The heatset print site - claimed to be Australia's largest - has capacity to print 18 million pages an hour, a decent chunk of that coming from a further 80-page Lithoman and postpress equipment just installed at a cost of $20 million.
The open day marked not only the completion - for the time being - of the two consolidation projects, but also a circle turning for the Hannan family, with the return of Michael Hannan as chairman of the expanded company.
That scale is evident on its website, where Ovato lists five locations in NSW - at least for the moment - six in two other states and New Zealand, and operations in London, Singapore and Chennai.
Warwick Farm itself has been a work-in-progress for some time - having started out as a concept to switch Australian magazine production to gravure - and now extends over seven-and-a-half hectares (35,000 m2 under roof), with $5 million of spare parts on site to support heatset presses ranging from 16-96 pages, sophisticated postpress and a variety of other equipment. The site uses 10,000 printing plates a month as well as 8000 tonnes of paper, storing 23,500 tonnes on site.
A far cry from the then state-of-the art Hannanprint Sydney I visited in the 1980s with its pioneering robot-driven reel trucks at one hand and an ageing Goss Community with three-colour satellite on the other, a reminder of where the business had come from.
Indeed the value of that real estate in Sydney's Alexandria - the British Oxygen depot (now BOC) sold for $343 million in 2013 - helped underwrite the move, just as property and canny management have progressed the Hannan family from early days with a Randwick butchery.
At yesterday's opening, managing director and chief executive Kevin Slaven (pictured) reminded guests that manufacturing is still the foundation on which investments in data analytics for its print and distribution customers are based.

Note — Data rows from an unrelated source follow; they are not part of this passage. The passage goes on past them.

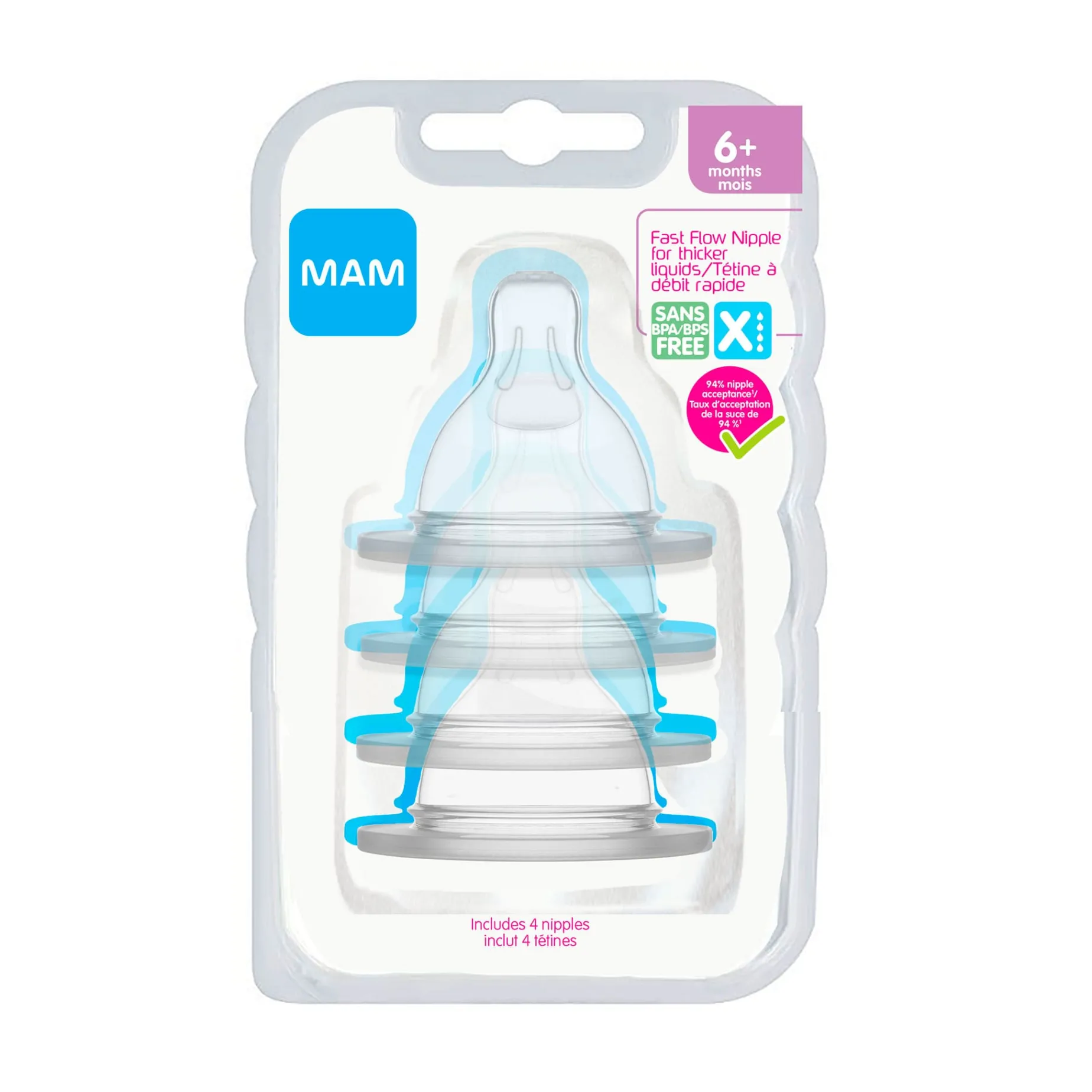The SkinSoft BPA-free silicone nipple feels just like mom’s skin during breastfeeding. Due to their unique flat and symmetrical design, MAM baby bottle nipples fit perfectly into baby’s mouth. They also fit all MAM feeding bottles. Air valve prevents nipple collapse, allowing babies to drink at a comfortable pace.
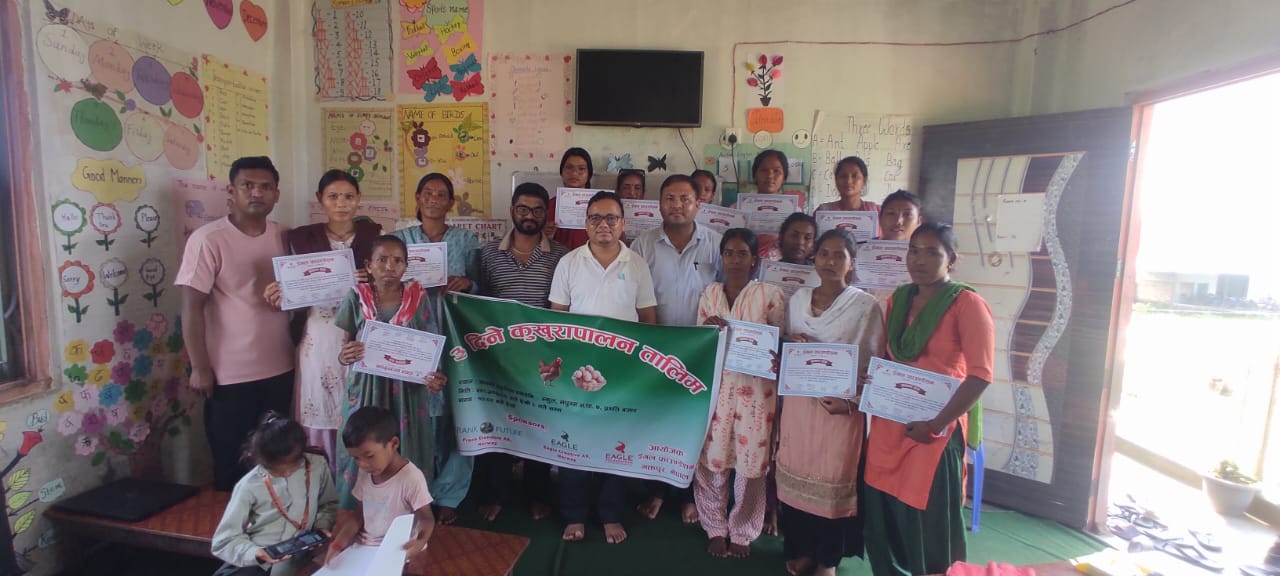 २०८२ असोज १० बर्दिया :- बर्दिया जिल्ला मधुवन नगरपालिका वडा नं. ७ स्थित बोडरमा बस्ने मुक्त कमैयाहरूलाई लक्षित गरी ईगल फाउन्डेसनको आयोजना तथा Frank Eiendom AS Norway र Eagle Creative AS Norway को आर्थिक सहयोगमा तीन दिने कुखुरापालन तालिम सम्पन्न भएको छ।
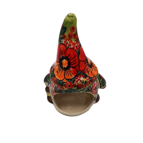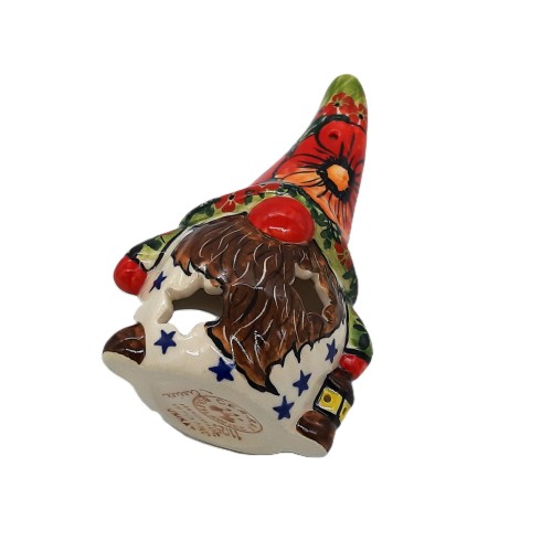 Ręcznie malowana ceramiczna lampka w kształcie krasnala, sygnowana przez twórcę. Przeznaczona na tealight, tworzy nastrojowe światło dzięki dekoracyjnym wycięciom. Produkt unikatowy, wykonany w słynnej bolesławieckiej manufakturze. Można myć w zmywarce.
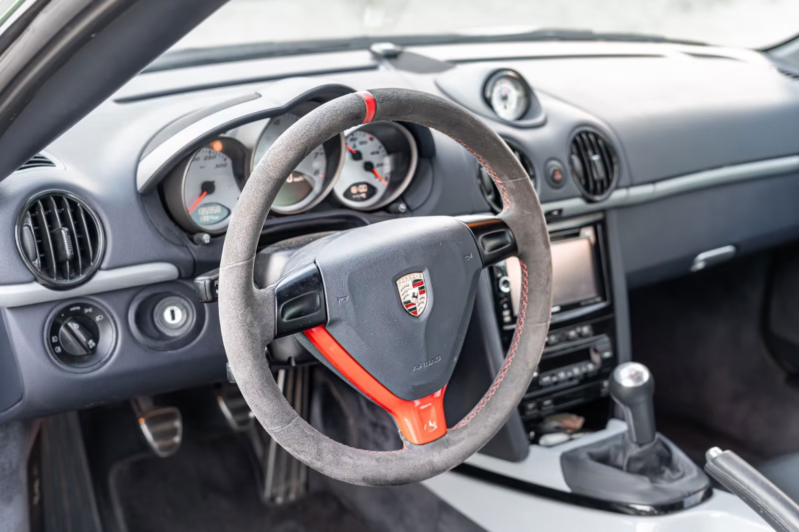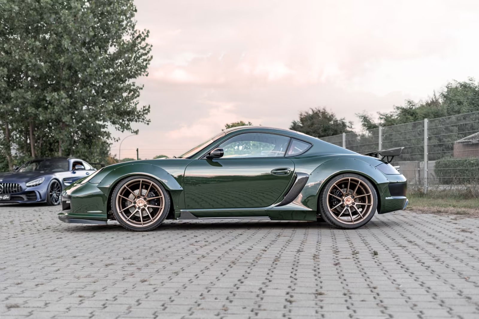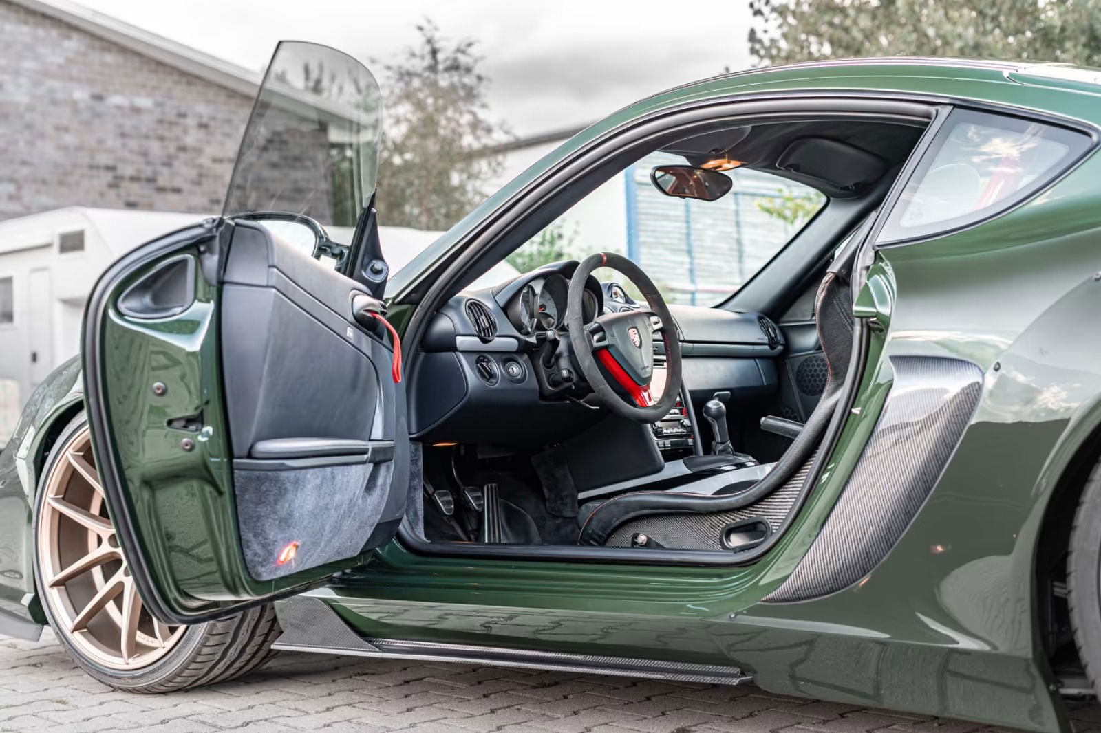 The elaborately converted Pro Street wide body gives the Cayman S an extremely powerful appearance. The bodywork has been perfectly adapted and repainted, and the car is in immaculate condition – without a single scratch or dent. The conversion was carried out professionally and documented. The wider track in combination with the sporty chassis is a real highlight, not only visually but also in terms of driving dynamics.
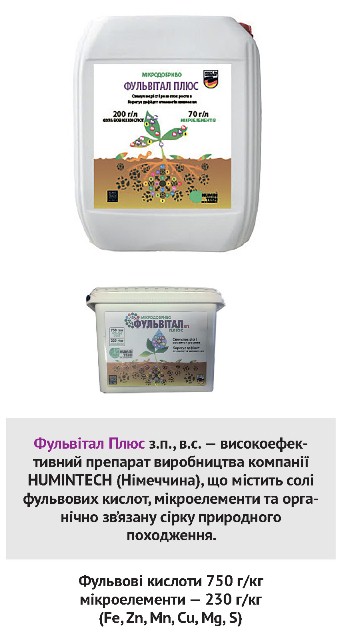 Обприскування по вегетації рослин препаратом Фульвітал Плюс з.п., в.с. стимулює обмінні процеси, тому різко зростає потреба рослини в додатковому мінеральному живленні. Посилюється ріст кореневих волосків і відповідно кількість кореневих виділень, у тому числі і лимонної кислоти, яка хелатує макро- та мікроелементи в прикореневій зоні. Лимонна кислота реагує із важкодоступними сполуками заліза, магнію, кальцію, міді, цинку та інших мікроелементів, утворюючи хелати, які відмінно поглинаються рослиною, що збільшує коефіцієнт засвоєння внесених добрив, макро-, та елементів з ґрунту. Покращується синтез цукрів, амінокислот, гормонів. Підвищується ефективність використання води, таким чином, поліпшується продуктивність рослин.
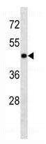 Figure 1: Western blot analysis of MAPK3 Antibody (10-6561) in MDA-MB435 cell line lysates (35μg/lane). This demonstrates the MAPK3 antibody detected the MAPK3 protein.
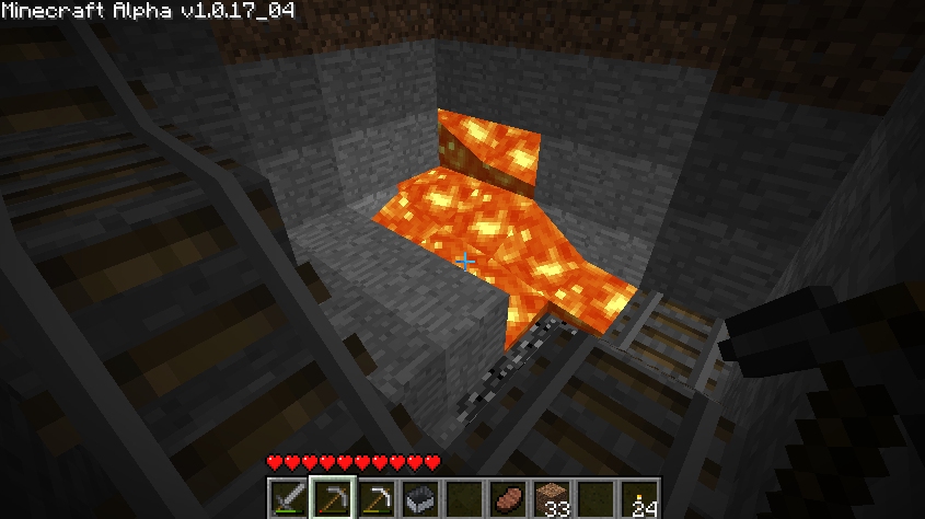 My minecart shaft hit lava.I'm going to have to think about how I want to handle this.
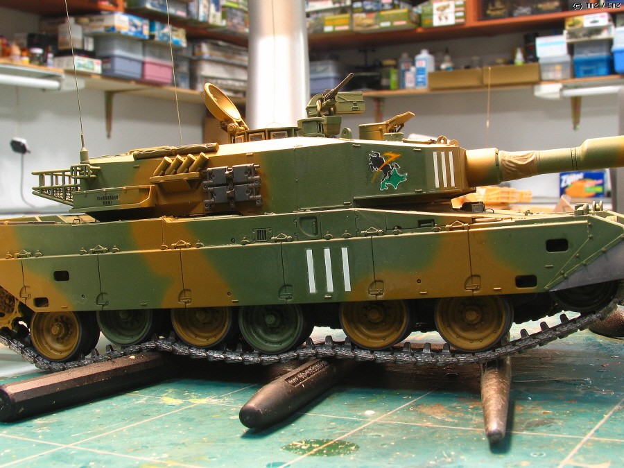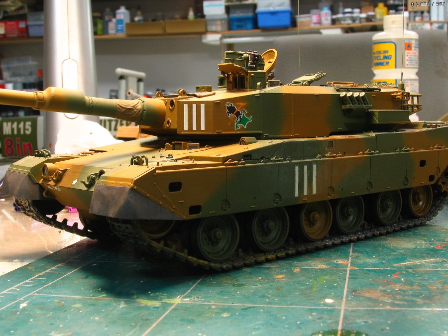 비닐봉지에 쇠구슬 넣은 무게추(재료는 상관없슴)를 놓으면 토션바의 높이를 조절할 수 있고, K1A1전차와 같이 유기압 서스펜션으로 자세 조정이 가능한 90식처럼 앞뒤로 조정 가능 합니다.
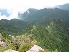 三角点は砕石を土俵のように積み上げた中に鎮座していて、ご丁寧に注連縄まで土俵俵のように巻かれている。頂上はガスに覆われていたが、やがて青空が広がって、隣りの次郎笈へ続く緑のビロードのような稜線が垣間見えた。
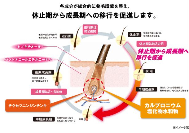 カルプロニウム塩化物水和物には、毛根の血行を促進する働きが確認されています。
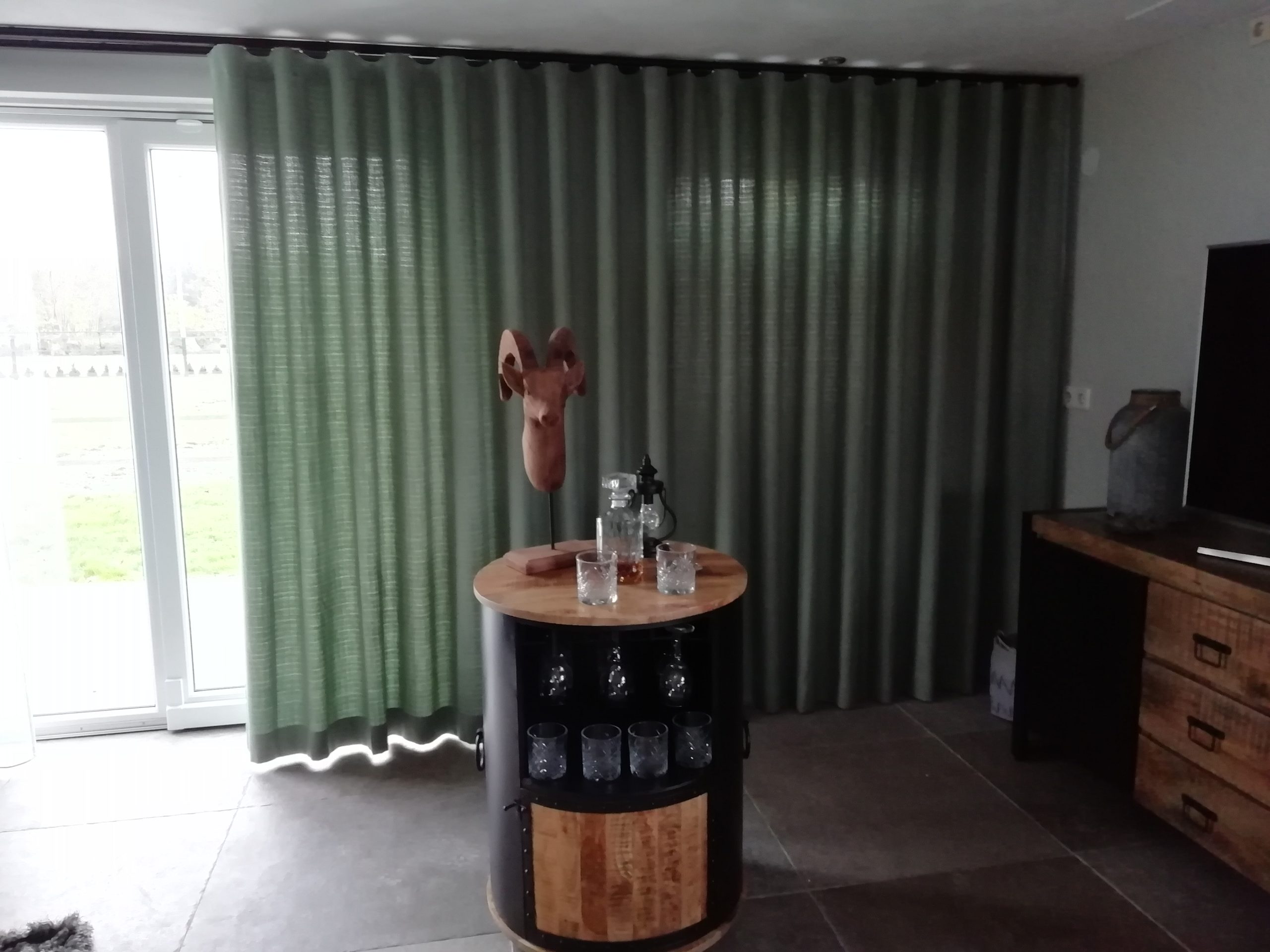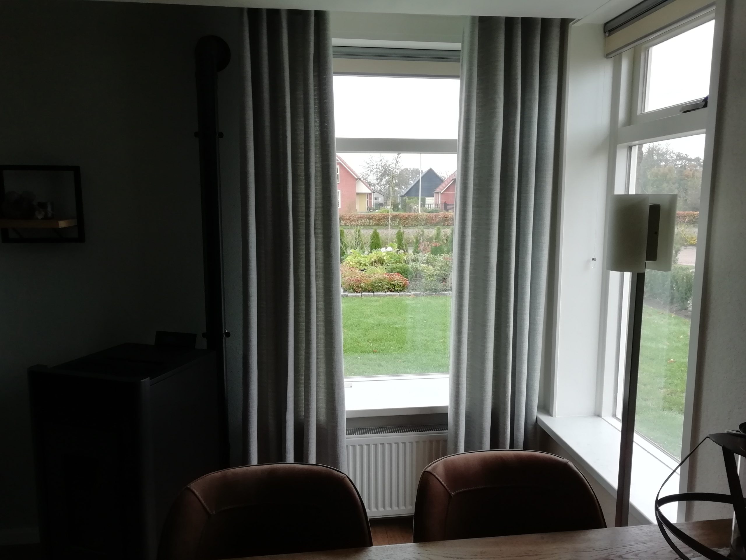 - Bovenstaande overgordijnen hangen aan de mat zwarte roedes die net even wat meer sfeer geven dan de standaard witte roedes.

"Print is still one of the most reliable and cost-effective ways of advertising for retailers," he said, "with a staggering nine out of ten Australians enjoy reading, and 82 per cent trusting print advertisements when making purchasing decisions."
He cited a current Roy Morgan catalogue finding - that people dedicate six minutes of attention to a catalogue compared to a second-and-a-half to an Instagram placement - and reported a "resurgence" in niche magazine consumption.
An increase in print runs from magazine publishing customers "points to continued interest and pursuit of reading printed material over digital media".
The investment was also welcomed by NSW finance and small business minister Damien Tudehope, who described the western Sydney location as "the powerhouse of the NSW economy".
The 24-hours-a-day Ovato 'supersite' employs more than 450 people, among them apprentices Philip Vu and Yousif Hurmiz Zia, who received a special mention from the minister.